This is simply not our department, to go and just pick.


----------



## Gforce9 (May 21, 2013)

Vladimir said:


> Greetings from Russia,
> 
> This is my first post on this forum. I must say that, listening to Reformed pastors' sermons, I expected something more of the American Reformed community than brothers actually pondering dating.
> 
> ...



Vladimir,
While I'm not sure what I think of this method (speed dating), there is a foundational issue that has been raised in your post: How does a fallen creature, with the noetic effects of the Fall at work, though redeemed, come to know the will of God in matters like this? You haven't told us by what process one comes to know this for sure, but it seems to me some type of special revelation is required. Can you elaborate on this?


----------



## Vladimir (May 21, 2013)

Dear Greg,



Gforce9 said:


> You haven't told us by what process one comes to know this for sure, but it seems to me some type of special revelation is required.
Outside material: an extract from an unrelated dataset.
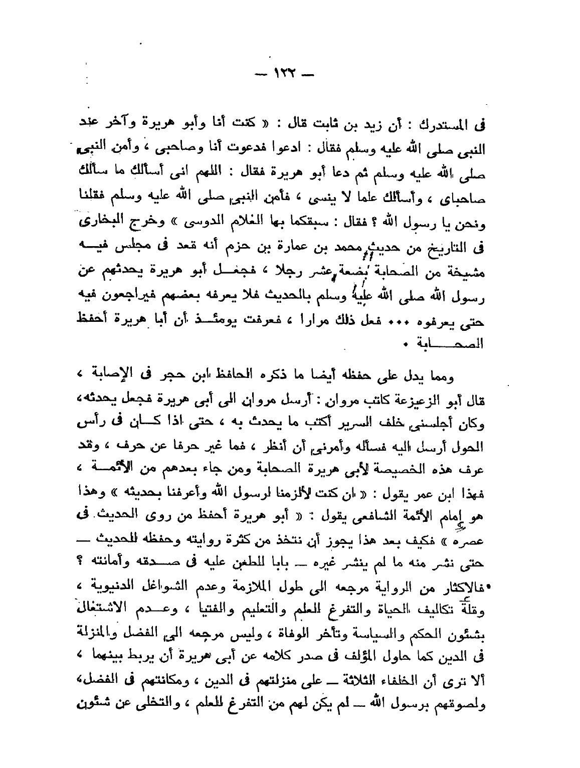 وَمِمَّا يدل على حفظه أيضا ما ذكره الحافظ ابن حجر في " الإصابة "، قَالَ أَبُو الزُّعَيْزِعَةِ كَاتِبُ مَرْوَانَ: «أَرْسَلَ مَرْوَانُ إِلَى أَبِي هُرَيْرَةَ فَجَعَلَ يُحَدِّثُهُ، وَكَانَ أَجْلَسَنِي خَلْفَ السَّرِيرِ أَكْتُبُ مَا يُحَدِّثُ بِهِ، حَتَّى إِذَا كَانَ فِي رَأْسِ الحَوْلِ أَرْسَلَ إِلَيْهِ فَسَأَلَهُ وَأَمَرَنِي أَنْ أَنْظُرَ، فَمَا غَيَّرَ حَرْفًا عَنْ حَرْفٍ»، وقد عرف هذه الخصيصة لأبي هريرة الصحابة ومن جاء بعدهم من الأئمة، فهذا ابن عمر يقول: «إِنْ كُنْتَ لأَلْزَمَنَا لِرَسُولِ اللهِ وَأَعْرَفَنَا بِحَدِيثِهِ» وهذا هو إمام الأئمة الشافعي يقول: «أَبُو هُرَيْرَة أَحْفَظ مَنْ رَوَى الْحَدِيث فِي عَصْره» فكيف بعد هذا يجوز أن نتخذ من كثرة روايته وحفظه للحديث - حتى نشر منه ما لم ينشر غيره - بَابًا للطعن عليه في صدقه وأمانته؟ فالإكثار من الرواية مرجعه إلى طول الملازمة وعدم الشواغل الدنيوية، وقلة تكاليف الحياة والتفرغ للعلم والتعليم والفتيا، وعدم الاشتغال بشؤون الحُكْمِ والسياسة وتأخر الوفاة، وليس مرجعه إلى الفضل والمنزلة في الدين كما حاول المؤلف في صدر كلامه عن أبي هريرة أن يربط بينهما، ألا ترى إلى الخلفاء الثلاثة - على منزلتهم في الدين، ومكانتهم في الفضل ولصوقهم برسول الله لم يكن لهم من التفرغ للعلم، والتخلي عن شؤون

I don't think that this should involve "knowing the will of God" or requiring any sort of special revelation. Again, not our department. We have a perfect revelation, in which the will of our Lord is made clear. The issue is whether dating and "screening" are found in it or can be extrapolated from it. I argue that the are not and they cannot. 
If they are or can, then I am mistaken, and the practice is in line with anything the Lord has in store for us, therefore, no problem there.


----------



## Pergamum (May 21, 2013)

Vladimir,

I am not understanding you.

Do you mean that we merely ask a potential spouse whether they are Christian? Are you advocating that we should not "screen" further to make sure they are of a particular type of Christian, such as a home-maker or calvinist or a pro-choice "christian," etc?


----------



## Vladimir (May 21, 2013)

Dear Pergamum,

What I mean is, the whole dating approach is unbiblical.

If you would follow me, 

Marriage is something created by God (that means, we are not the authors of it)
Marriage is a calling (that means, there is a plan behind it for the called person. And both people are called)
Marriage is an end of a period of singleness (which is also a calling, that means, there is a purpose why we are single)
What do you do then, when you go and look for a mate? If you are the instigator, not Him, I believe you have over-stepped your boundaries. You basically imply that God needs you to look for a mate in order to give you one. Or that He is not willing to give you one until you go and look. Furthermore, you forfeit your gift of singleness that He just might have plans for.
And last but not least - He not only has to go and send your Eve to you, but she has to fit some of your requirements. That means, provided you do not marry the first one you date, for some reason He gave you a couple of Rebeccas or Rachels, before leading her to you.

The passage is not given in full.